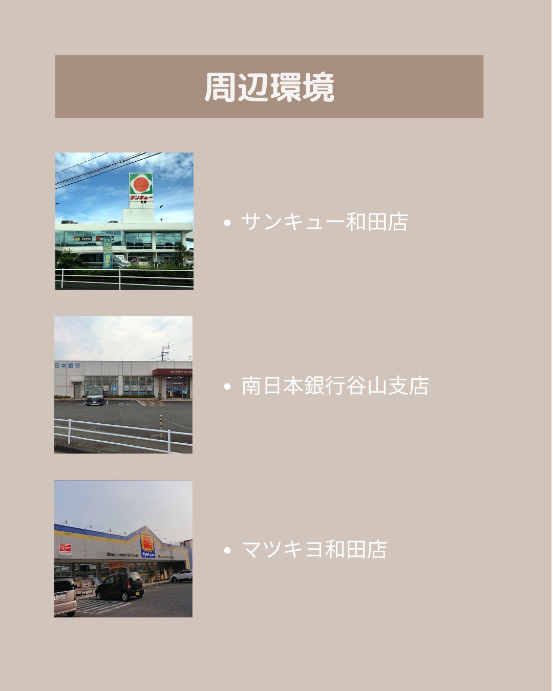 ・コンビニやスーパーが近く、生活に便利な立地
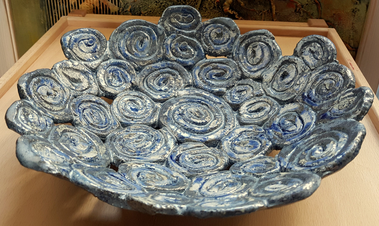 keramiek schaal ;"geschuurd"blauw fruitschaal, decoratieschaal
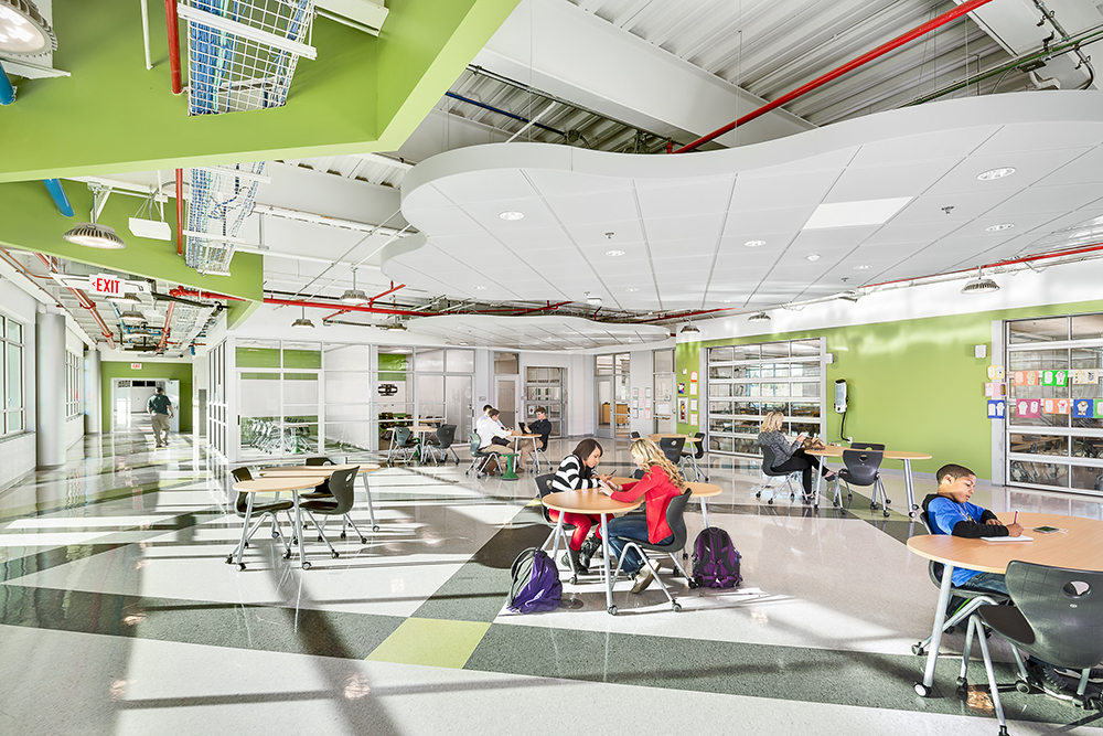 The interdisciplinary academic clusters housed in learning communities create connections between learning spaces so that teachers can plan and students can execute complex projects together. Each cluster has a gallery for finished student projects, and prototypes in process. Additionally, there are assembly spaces throughout the building for business, industry, and academic partners who include Clemson University, BMW and Goodyear.
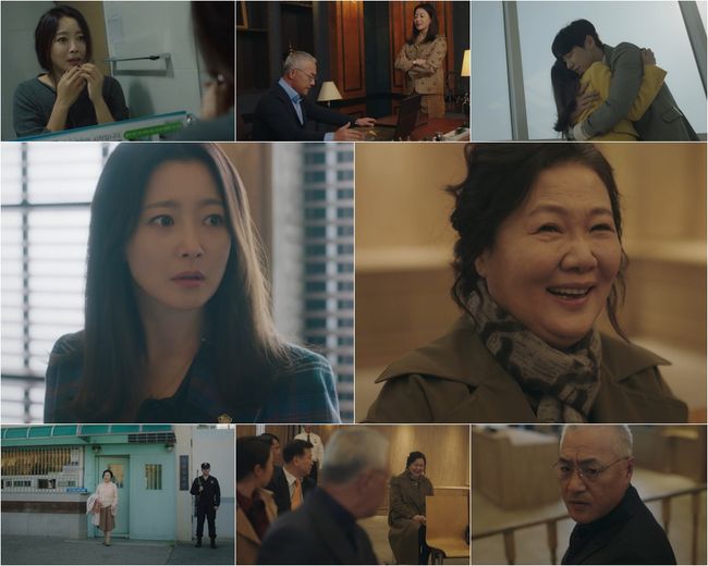 지난 3일 방송된 tvN 토일드라마 ‘나인룸’(연출 지영수, 극본 정성희) 9회에서는 변호사 을지해이(김희선 분)와 시한부 사형수 장화사(김해숙 분)가 원래의 몸으로 돌아간 모습이 그려졌다.
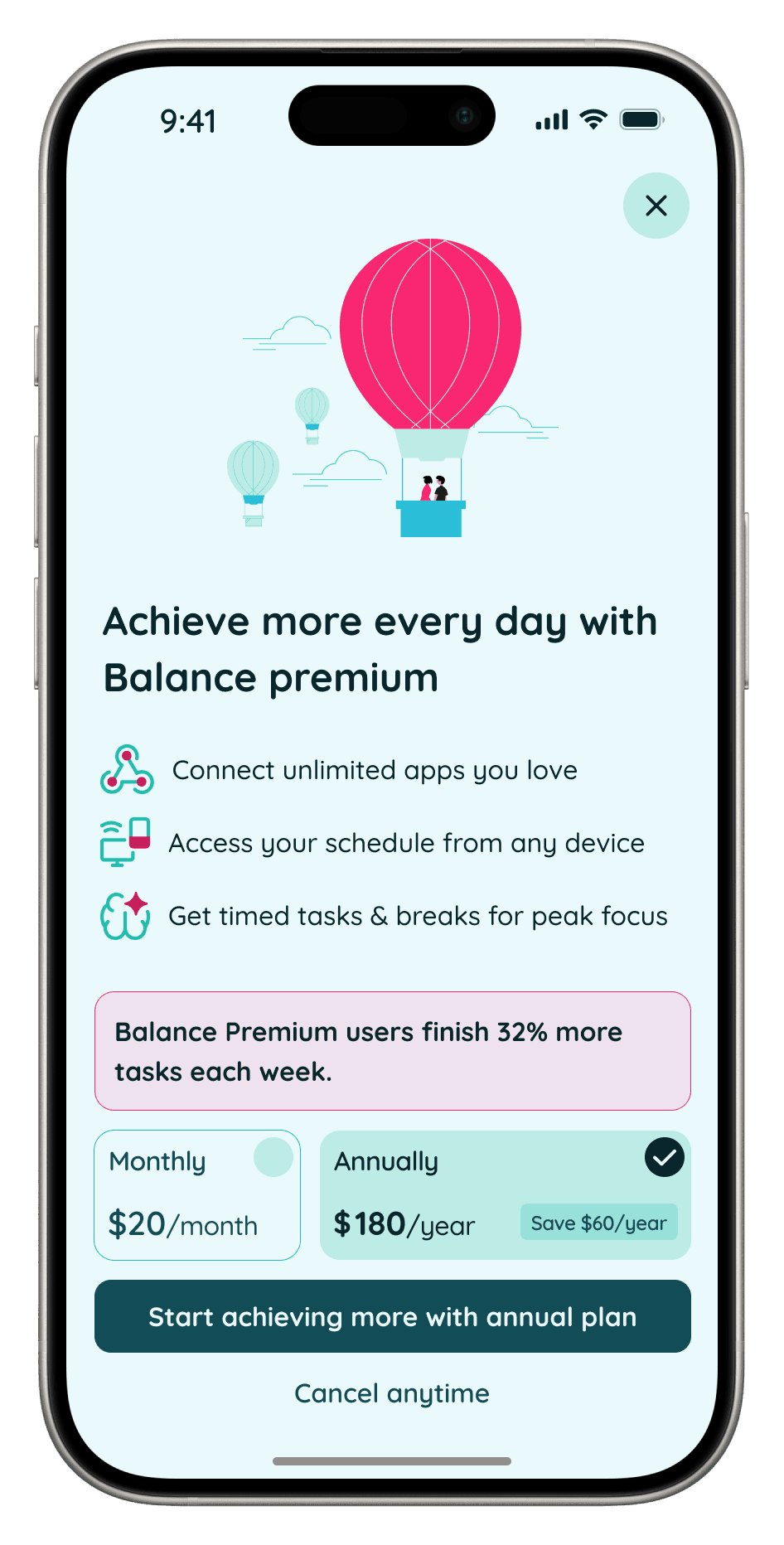 Core features are highlighted like unlimited integrations and cross-device sync to clearly communicate the premium value.
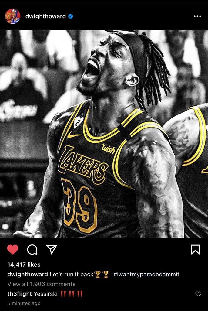 19-20赛季,由于受到疫情的影响,湖人无法举办夺冠庆祝典礼;现在霍华德明确表示要冲击生涯第二冠,也是帮助湖人冲击队史第18座总冠军。
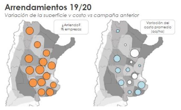 Casi la mitad de los empresarios encuestados arrendará campos agrícolas en 2019/20. Se prevé en promedio un aumento en el negocio de los alquileres, tanto en superficie como en costo. Así, respecto de 2018/19, se espera un aumento promedio de 2,1% en superficie y un incremento promedio de 2,7% en el precio de arrendamiento (medidos en qq/ha de soja). Los mayores incrementos previstos se registrarían en las regiones CREA Sudeste, Córdoba Norte y Mar y Sierras, mientras que en el Norte de Santa Fe, Norte de Buenos Aires y Oeste los valores caerían respecto de 2018/19.

## YOUR GOAL
Copy exactly the lines from the line that holds "19-20赛季,由于受到疫情" to the end of the listing, both included. Leave the pictures out.

## ANSWER SECTION
 19-20赛季,由于受到疫情的影响,湖人无法举办夺冠庆祝典礼;现在霍华德明确表示要冲击生涯第二冠,也是帮助湖人冲击队史第18座总冠军。
 Casi la mitad de los empresarios encuestados arrendará campos agrícolas en 2019/20. Se prevé en promedio un aumento en el negocio de los alquileres, tanto en superficie como en costo. Así, respecto de 2018/19, se espera un aumento promedio de 2,1% en superficie y un incremento promedio de 2,7% en el precio de arrendamiento (medidos en qq/ha de soja). Los mayores incrementos previstos se registrarían en las regiones CREA Sudeste, Córdoba Norte y Mar y Sierras, mientras que en el Norte de Santa Fe, Norte de Buenos Aires y Oeste los valores caerían respecto de 2018/19.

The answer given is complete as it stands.